Есть ли чувственная вещь, от которой не отвернулось бы понятие? Вспомним те редкие страницы Кьеркегора, где проблескивает совершенно неожиданная, чистейшая радость. В его сочинениях, окрашенных пепельными тонами, такие мгновения поистине ошеломляют. Если было в мире сердце, лишенное земных благ, сердце, отделенное от чувственного предмета бесконечной кружной дорогой, то это, конечно, тревожное сердце Кьеркегора, сознававшего, что ему доступны лишь сущности, что ему не дано выйти из круга общих понятий. Он сражался с системой. Но система неизбежно вырастает из понятия, единственного блага, которым располагал Кьеркегор. Он старался верить в Бога… Его радость всегда была недолгой: мгновенный просвет в небе, вечно затянутом грозовыми облаками. Чтобы этот просвет открылся, надо было воспарять из царства невозможности, где, как нам кажется, мы живем, в иное царство, где все внезапно дарованное, все становится возможным; говоря точнее, надо было — как и теперь — прорывать понятие, эту тучу, подавляющую нас своим гнетом. В понятийном человеке есть какое-то отсупничество, бесконечное отпадение от сущего. Эта измена и стала его тоской, страхом, отчаянием. Но иногда мир встает во весь свой рост, непостижимое наваждение рассеивается, и в единственном миге, словно высшей милостью, изливается все живое и чистое, что есть в бытии. Эту радость приносит прорыв, осуществляемый духом в его стремлении к трудной реальности.
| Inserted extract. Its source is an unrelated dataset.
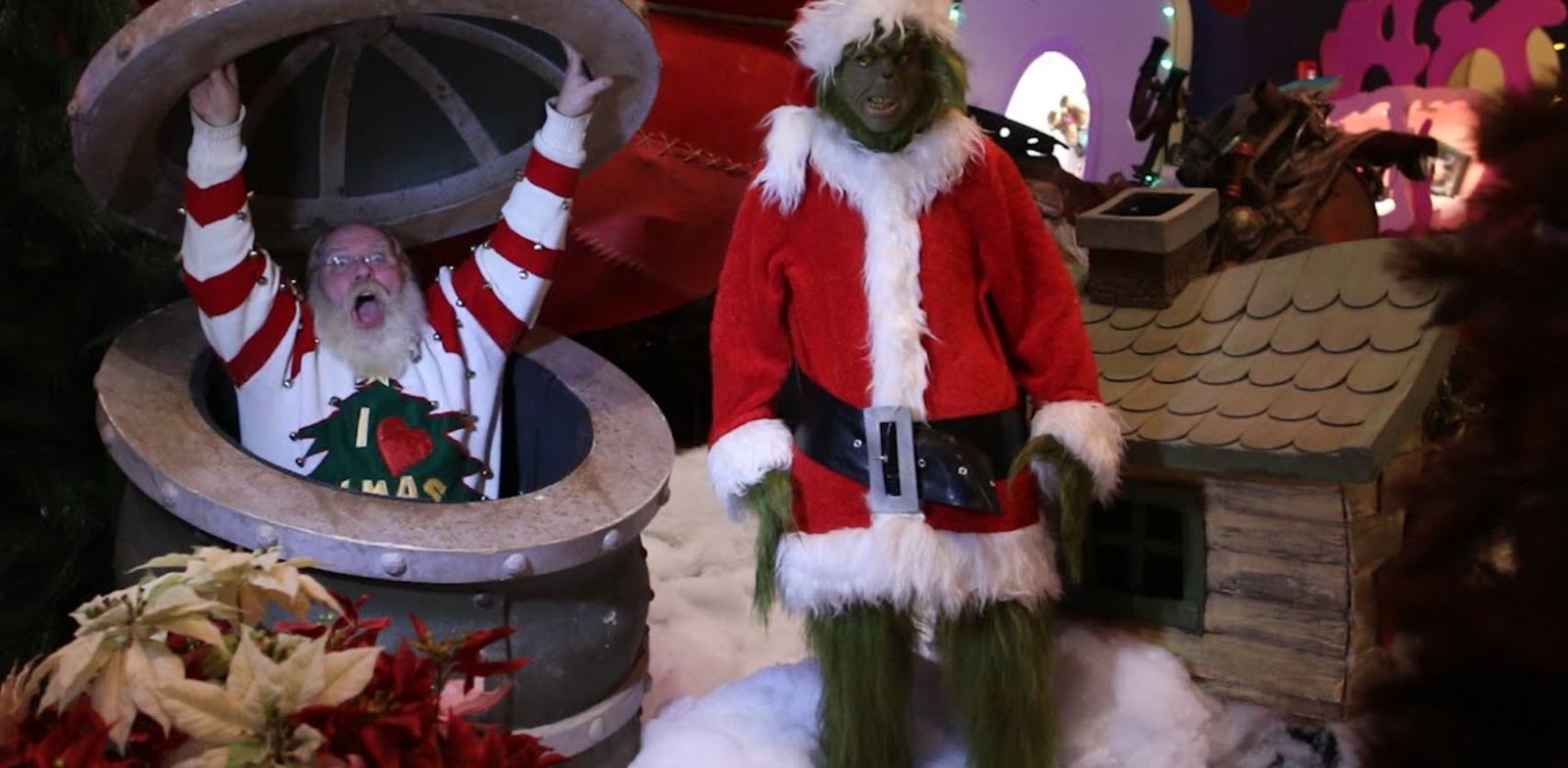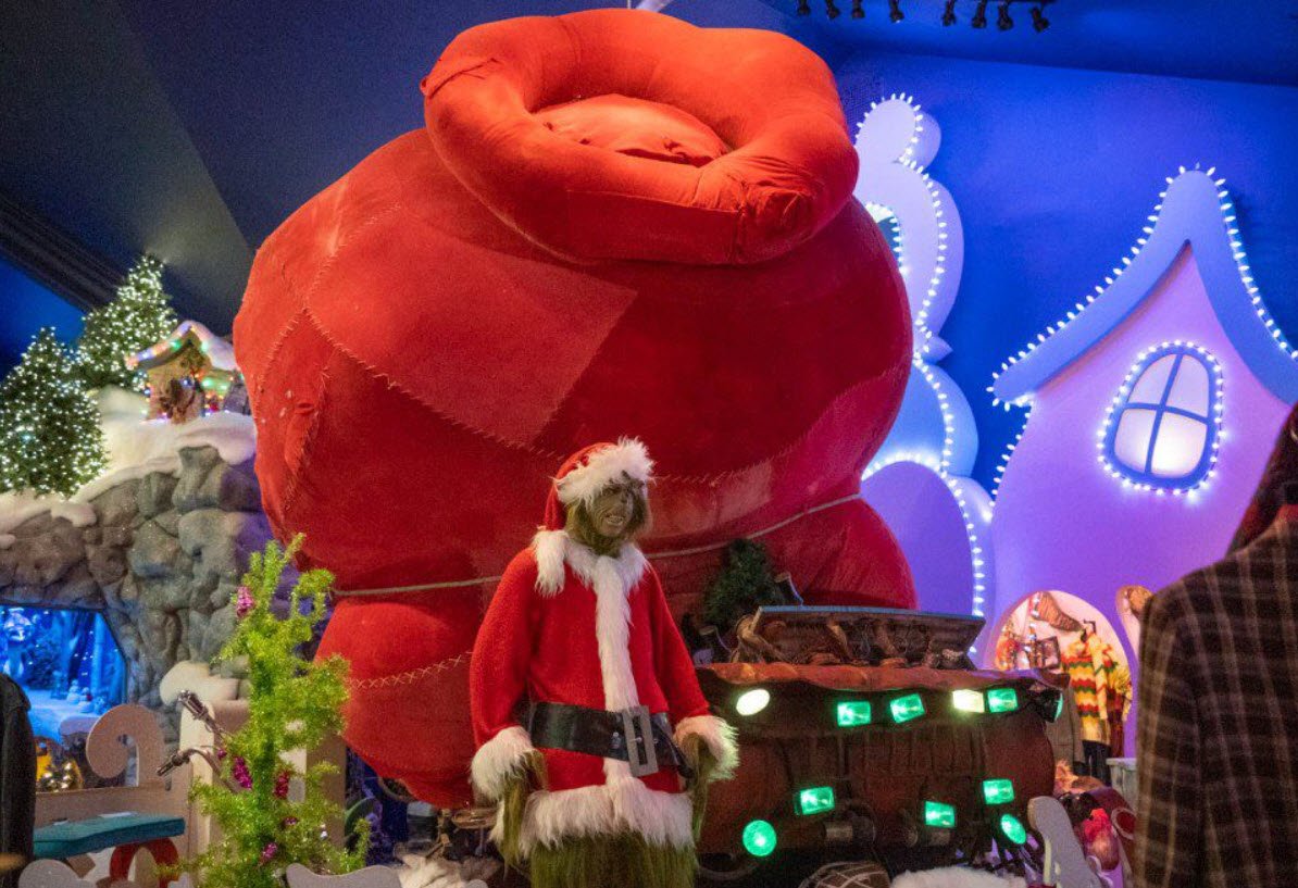 It houses the world's largest privately owned collection of Hollywood Christmas movie props and costumes from films like The Grinch with Jim Carrey's costume, Elf, National Lampoon's Christmas Vacation featuring Cousin Eddie's RV, The Santa Clause series, and A Christmas Story with a replica department store slide.

В Равенне, возле ее гробниц, чувствуешь похожую радость. И поэтому я вновь возвращаюсь в Равенну — к источнику света, обретающего значение в себе и через себя. В Равенне ничто не омрачает чистоты этого яркого блеска, без которого, я понял, жизнь была бы просто невозможна, ничто здесь не отвлекает гения могил от роли посвятителя, принадлежащей ему в судьбе нашего духа.
Пусть не покажется странным, что я придаю столь большое значение памятникам, увиденным в одном из городов. Я далек и от желания выстраивать аллегории, и от обычной — впрочем, по-своему таинственной, — склонности к размышлениям над руинами.
Дело совсем в другом: я защищаю некую истину, которая упорно пробивается сквозь истину понятия и которую оно столь же упорно подавляет. И суть этой истины, среди прочего, в том, что любой город, где нам доводится жить, — скажем, та же Равенна, — ничем не хуже философского первоначала и с таким же правом может служить основанием всеобщего. В том, что улицы и камни Равенны не хуже понятийной дедукции и с успехом могли бы ее заменить; что мельчайший осколок любого из камней, лежащих здесь, в неопровержимости своего наличия, служит точнейшим эквивалентом обобщенности понятия. И вот что еще: всеобщее, эту категорию, наиболее полезную для нашего возможного счастья, нужно с начала и до конца открыть заново. Всеобщее не какой-то там закон, который — ради того чтобы оставаться повсюду одним и тем же — по-настоящему не действует нигде. У всеобщего есть свое место. В любом месте, где его ищет взгляд, всеобщее является тем применением, какое можно для него найти. Я думаю о греческой формуле «место истины»{5}, освобожденной от прежнего смысла и соединенной с другим представлением — о том, что при известных условиях я сумею наяву увидеть бодрствующую истину и дорогу, позволяющую к ней прийти. Место истины — это место глубочайшего превращения. Так новый исходный принцип перестраивает опирающуюся на него науку — но в этом случае исходным принципом становится некоторая точка нашего мира: памятник архитектуры, удивительный ландшафт, статуя. Чем иным было такое место в древние времена, если не оракулом, и чем иным остается теперь, если не родиной?